De acordo com o FMI, a dívida pública brasileira está saindo de um patamar de 81% em relação ao PIB para atingir 91% do PIB no próximo mandato presidencial. “Os mercados tendem a reagir e isso deve reduzir o apetite de investimento externo no País”, prevê.

Mãos atadas

O resultado da eleição americana também foi visto como decisivo para aumentar o pessimismo com a política fiscal brasileira no segundo painel, que teve participação de dois economistas de mercado: Pedro Jobim, economista-chefe e sócio fundador da Legacy; e Carlos Viana de Carvalho, head de research na Kapitalo Investimentos.

Jobim observa que o modelo fiscal adotado pelo governo Lula3 fez subir muito a despesa obrigatória. A limitação de crescimento dos gastos determinado pelo arcabouço fiscal, por sua vez, deixou pouca sobra para as despesas discricionárias, deixando o governo de mãos atadas.

“Se o governo não cortar pelo menos R$ 40 bilhões de despesas discricionárias no ano que vem, não haverá arcabouço em 2026”, adverte Jobim. Ele diz que as perspectivas para os próximos dois anos não são boas, citando a expectativa de desaceleração econômica da Europa e da China com as tarifas de Trump.

Jobim ressalta ainda que o déficit de conta corrente em dólares tende a crescer (“pouca gente discute isso”) e o BC deverá elevar a Selic acima de 0,5 ponto percentual na próxima reunião.

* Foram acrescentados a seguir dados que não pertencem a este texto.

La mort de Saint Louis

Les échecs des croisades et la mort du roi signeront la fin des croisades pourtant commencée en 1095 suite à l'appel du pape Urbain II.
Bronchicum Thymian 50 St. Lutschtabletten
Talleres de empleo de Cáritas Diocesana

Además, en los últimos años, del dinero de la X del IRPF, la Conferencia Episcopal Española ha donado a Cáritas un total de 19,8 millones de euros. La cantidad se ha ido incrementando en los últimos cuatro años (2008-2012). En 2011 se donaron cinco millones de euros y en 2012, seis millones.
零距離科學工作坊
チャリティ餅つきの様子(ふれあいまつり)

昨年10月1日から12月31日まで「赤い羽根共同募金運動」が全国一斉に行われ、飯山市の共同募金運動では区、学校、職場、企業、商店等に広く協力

Segundo ele, o BC está “atrasado” no ajuste da Selic, já deveria ter subido antes, o que explica sua aposta em aumento de 0,75% da Selic na próxima reunião do Copom: “Acredito que a Selic deverá ficar próxima de 15% nos próximos 18 meses, para colocar a inflação na meta.”

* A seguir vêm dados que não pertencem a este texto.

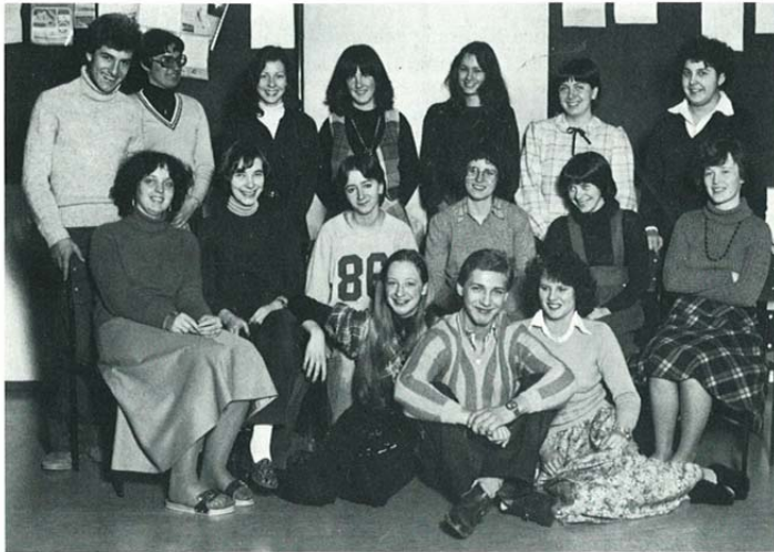
Abb. 12: Foto der Abschlussklasse 8B im Schuljahr 1978/79.

schülerinnen wurden bemängelt. Kurzfristig wurde sogar überlegt, wieder zur monoedukativen, und damit geschlechtertrennenden Schule, zurückzukehren. 103

Carvalho, que foi diretor do banco Central entre 2016 e 2019, também se mostrou pessimista. Ele desenhou três cenários possíveis, sendo um bastante improvável, com o governo mudando a direção da política macroeconômica.

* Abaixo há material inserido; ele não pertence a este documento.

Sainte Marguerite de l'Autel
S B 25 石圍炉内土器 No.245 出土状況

“Nos outros dois cenários, o governo pode frustrar a expectativa do mercado, com trajetória ascendente da dívida, o que deve gerar uma crise no curto prazo; ou empurrar as medidas com a barriga, neste caso o efeito vai depender da reação do mercado”, diz.

Ele não descarta uma crise aguda no curto prazo, alimentada pela expansão fiscal do governo buscando a reeleição em meio a um aumento do câmbio por causa do cenário externo.

“Qualquer reação positiva ao pacote tende a ser efêmera”, acredita. “Aumentar os juros não chega a ser problema para o presidente Lula, o que ele não aceita é reduzir o crescimento, por isso será difícil reverter a tensão que o mercado vive hoje”, conclui Carvalho.